__EXERCISE DATA__:

----

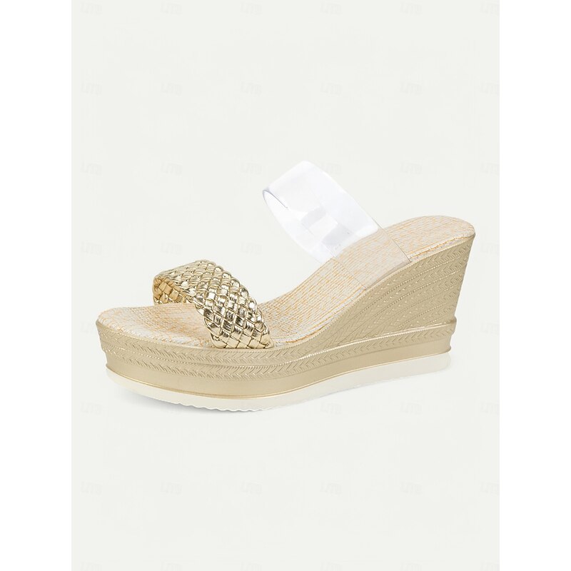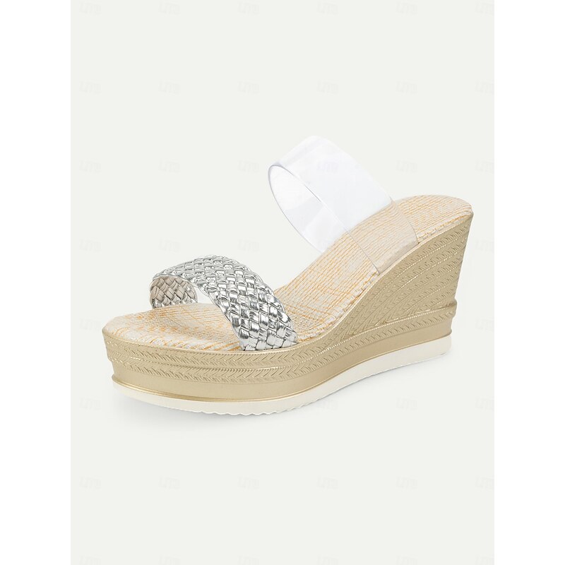 Women's Clear Strap Wedge Platform Sandals – Open-Toe Slip-On High Heel Shoes for Summer Beach & Party Wear 9
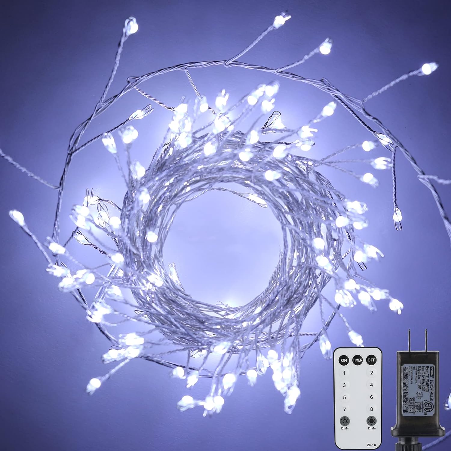 Fairy Lights Plug In, 10Feet 200 Leds Firecracker String Lights With Remote, Christmas Lights Cluster Starry String Lights For Ceiling Bedroom Wreath Garland Window Christmas Decoration, Pure White
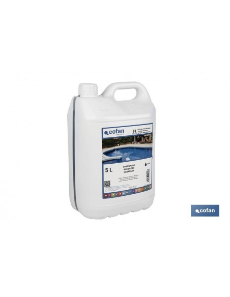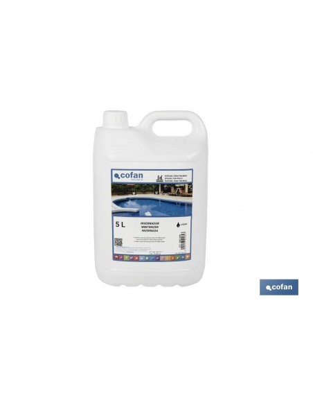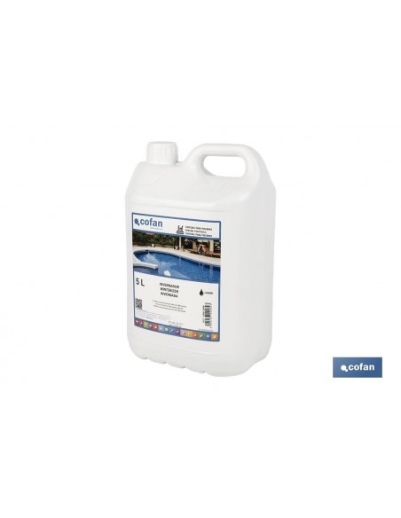 El invernador líquido para piscinas de 5 litros mantiene la piscina en perfectas condiciones durante los meses de invierno, asegurando que el agua se mantenga limpia y lista para usar cuando llegue la temporada de baño.Este invernador líquido tiene un potente efecto desinfectante que previene el crecimiento de microorganismos no deseados en tu piscina. Al utilizarlo, aseguras que el agua se mantenga clara y sin olores desagradables durante todo el periodo de hibernación.Gracias a su formulación avanzada, este producto impide el desarrollo de algas y hongos, que suelen proliferar en el agua estancada. Así, evitas el trabajo extra de limpiar la piscina en profundidad al inicio de la temporada.Puedes aplicar el invernador directamente en el agua de la piscina o diluirlo previamente. Su uso es sencillo y no requiere de conocimientos especializados. Además, no produce espuma, lo que facilita el mantenimiento y la limpieza posterior.Incluye instrucciones claras para su uso tanto en el tratamiento de preparación como en el tratamiento de mantenimiento. Esto asegura que la piscina esté bien protegida durante todo el invierno, sin importar las condiciones climáticas.Este invernador es adecuado para todo tipo de piscinas, ofreciendo una protección completa y eficiente.Modo de Empleo. Tratamiento de Preparación: asegura que el pH del agua esté entre 7,2 y 8 utilizando un kit de test de cloro y pH. Añade 2,5 kg de Cloro Choque por cada 100 m³ de agua y deja que la depuradora funcione durante un día para asegurar una disolución homogénea. Finalmente, añade 2-2,5 litros del invernador líquido por cada 50 m³ de agua a tratar.Tratamiento de Mantenimiento: Cada 2-3 meses, añade entre 2-2,5 litros de invernador líquido por cada 50 m³ de agua.Advertencias: mantén el producto fuera del alcance de los niños. Puede provocar irritación ocular grave (H319). Muy tóxico para los organismos acuáticos, con efectos nocivos duraderos (H400, H410).
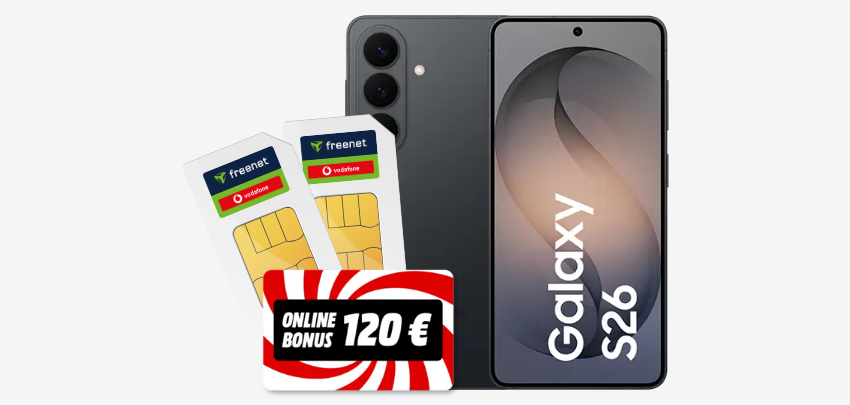- Samsung Galaxy S26 (512GB) mit Vodafone Doppelkarte-Tarif bei Media Markt
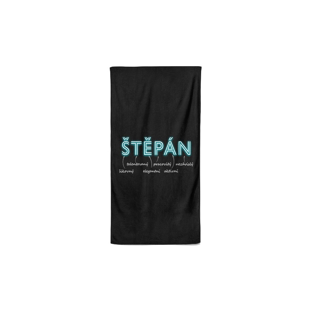 Luxusní osuška v černé barvě s vlastním jménem. Osuška má velký rozměr a materiál je velmi příjemný na dotek a díky speciální technice výroby, kdy se smísí BA a PES vlákna.
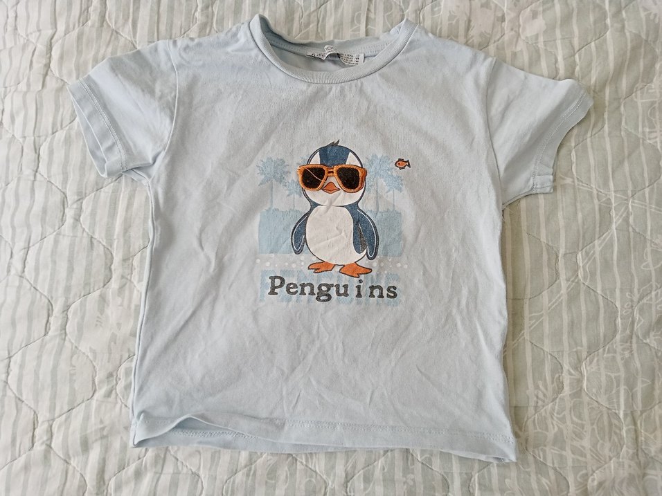 Yumuşak pamuklu, mavi baskılı, kısa kollu, salaş kesim erkek çocuk tişörtü. Önünde penguen baskısı bulunmaktadır.

----

Only the lines from the one that holds "Luxusní osuška v" through the end of the records above should be printed again, exactly as they are. Leave out the pictures.

 Luxusní osuška v černé barvě s vlastním jménem. Osuška má velký rozměr a materiál je velmi příjemný na dotek a díky speciální technice výroby, kdy se smísí BA a PES vlákna.
 Yumuşak pamuklu, mavi baskılı, kısa kollu, salaş kesim erkek çocuk tişörtü. Önünde penguen baskısı bulunmaktadır.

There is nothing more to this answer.